Ünlü Kürt sanatçı Ömer Haco’nun oğlu sinema yönetmeni Leys Haco’nun Arap alemi ve dünya ölçeğinde bilinen yüzlerce Suriyeli sanatçı adına yaptığı konuşmada, Direnen Suriye’nin tüm renkleriyle ne kadar güçlü olduğunu, baskılara boyun eğmemesinin altında, ülkede sağlanan siyasal duruşun belirleyiciliğini dile getirdi. Beşşar Esad’ın reform çabalarıyla bu süreçten daha çok güçlenerek çıkacağını, Suriye’nin bölgedeki rolünün öncekinden fazlasıyla artacağına işaret etti.
Ülkemizde “Kürt” kelimesi dahi telaffuz etmek için çekilen acıları hatırladığımızda, Kürtlerin Suriye’de sürdürdükleri barışçıl duruşlarını anlamak daha kolaydır. Bu konuda, Sayın Öcalan’ın Suriye’de misafir olduğu 19 yıl boyunca ortaya koyduğu tutumun, bu açıklamalarla bire bir kesiştiği açıktır. Öcalan yüzlerce kez bu satırların yazarının tanıklığında da “Kürt halkının, ortaya koyduğu destekle, gösterdiği misafirperverlikle Suriye’ye her zaman vefa borcu olacaktır” diyerek ifade etmiştir.
Ülkemiz milliyetçi solundan kimi aptallar, gerçek bir cehaletle, Suriye’de Kürt sorununu Türkiye’deki Kürt sorunuyla aynılaştırma çabasındadırlar. Özgün örnekleri siyasetin hiçbir kıstasına uymayan genelleştirmelerle bu konuda yapılan, yazımların ciddiyeti sorgulanacak ölçekte yanlışlar içermektedir.

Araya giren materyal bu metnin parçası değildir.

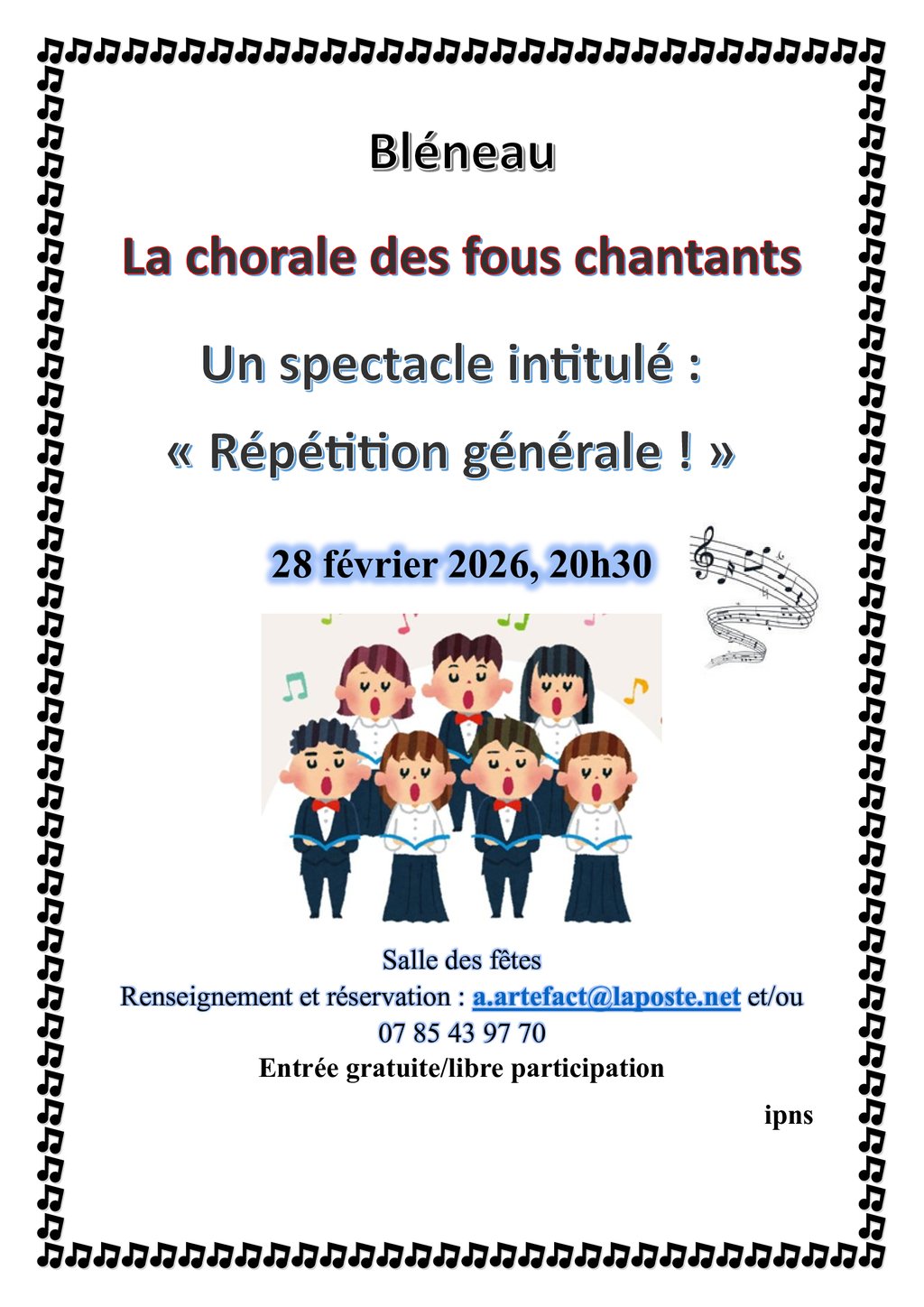 Spectacle intitulé "Répétition générale!" avec la Chorale des fous chantants de Bléneau
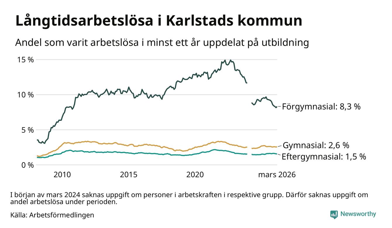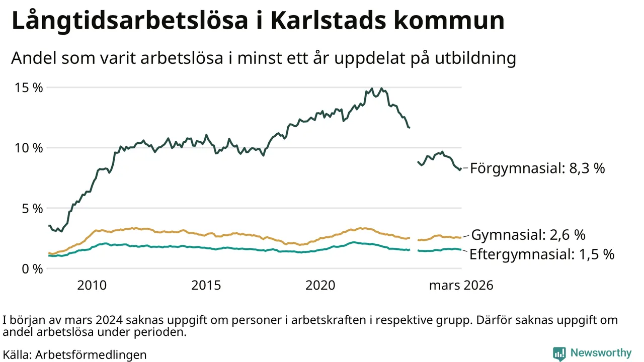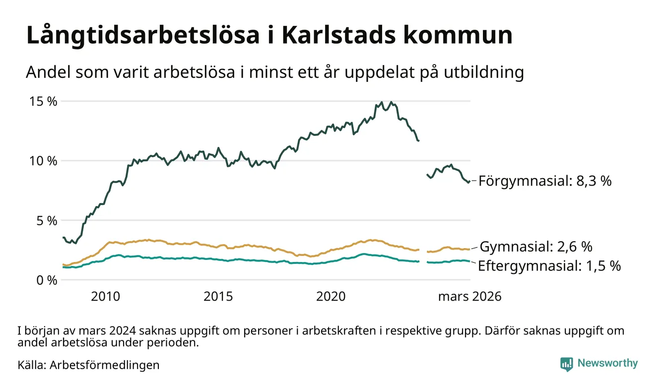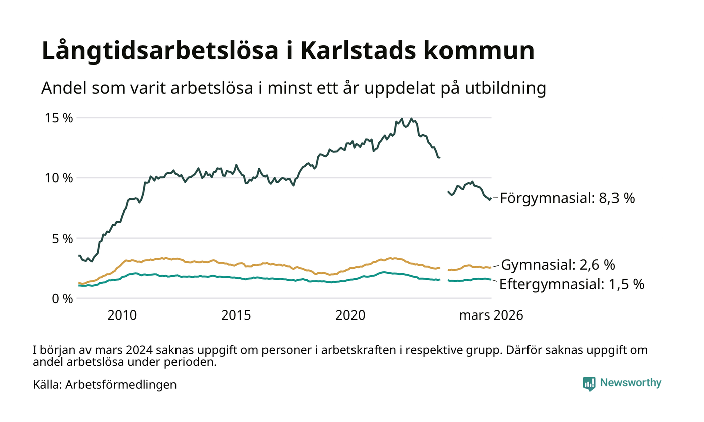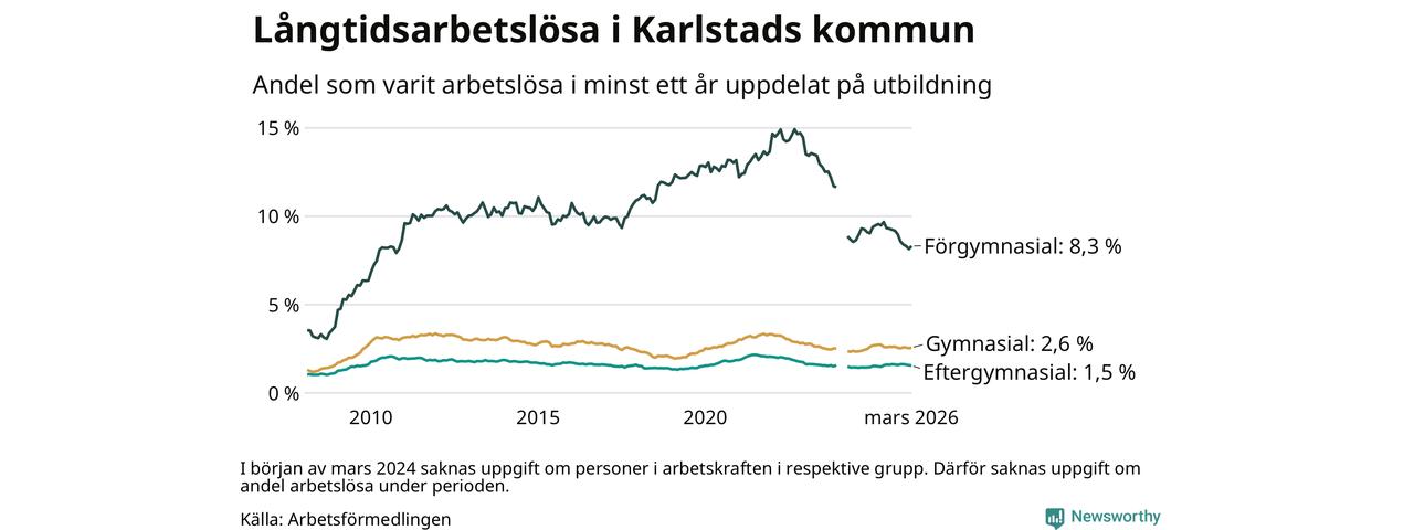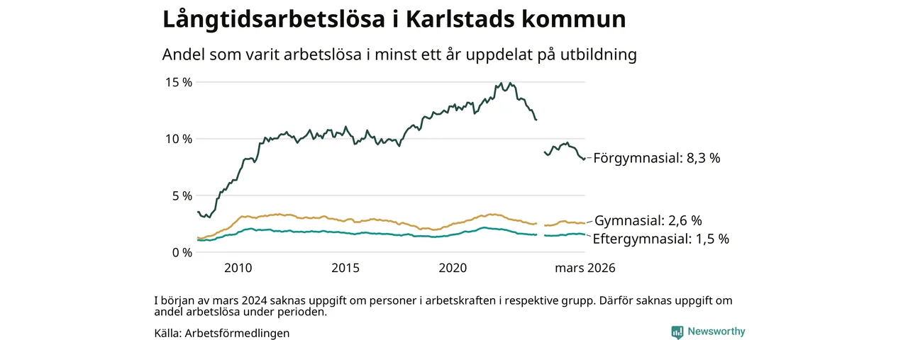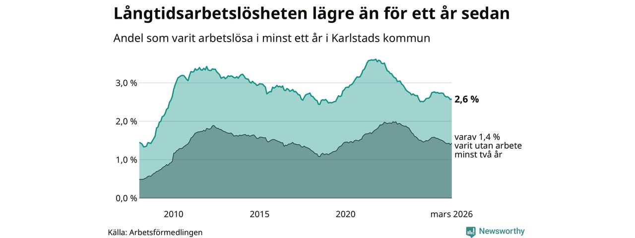 Långtidsarbetslöshet i Karlstad i mars 2026

Suriye’de genel dost ilişkilerimiz yanı sıra, muhalif Kürt siyasal çevreler ve dostlarla bire bir yaptığımız görüşmelerde, çoğunluğun kanısı, “ilan edilen reform paketinin olumlu” sonuçları olacağı beklenmektedir.
Ancak bunun yeterli olmayacağı, bu güne kadar Suriye’nin bölgede ortaya koyduğu direnme çizgisine kararlı desteğini sunun Kürtlerin, kolektif kimlikleriyle de ilgili haklarına önem verilmesi gerektiği vurgusu yapılmaktadır. Her şeye rağmen ortak ülkede Kürtler ve Araplar bin yıllardır yaşadıkları ve barışın esas alındığı ilişkilerin kırılmaması için, dış güçlerin müdahil olarak kanlı kardeş kavgasının önüne geçmek için gerekli dirayetin gösterileceği ifade edilmektedir.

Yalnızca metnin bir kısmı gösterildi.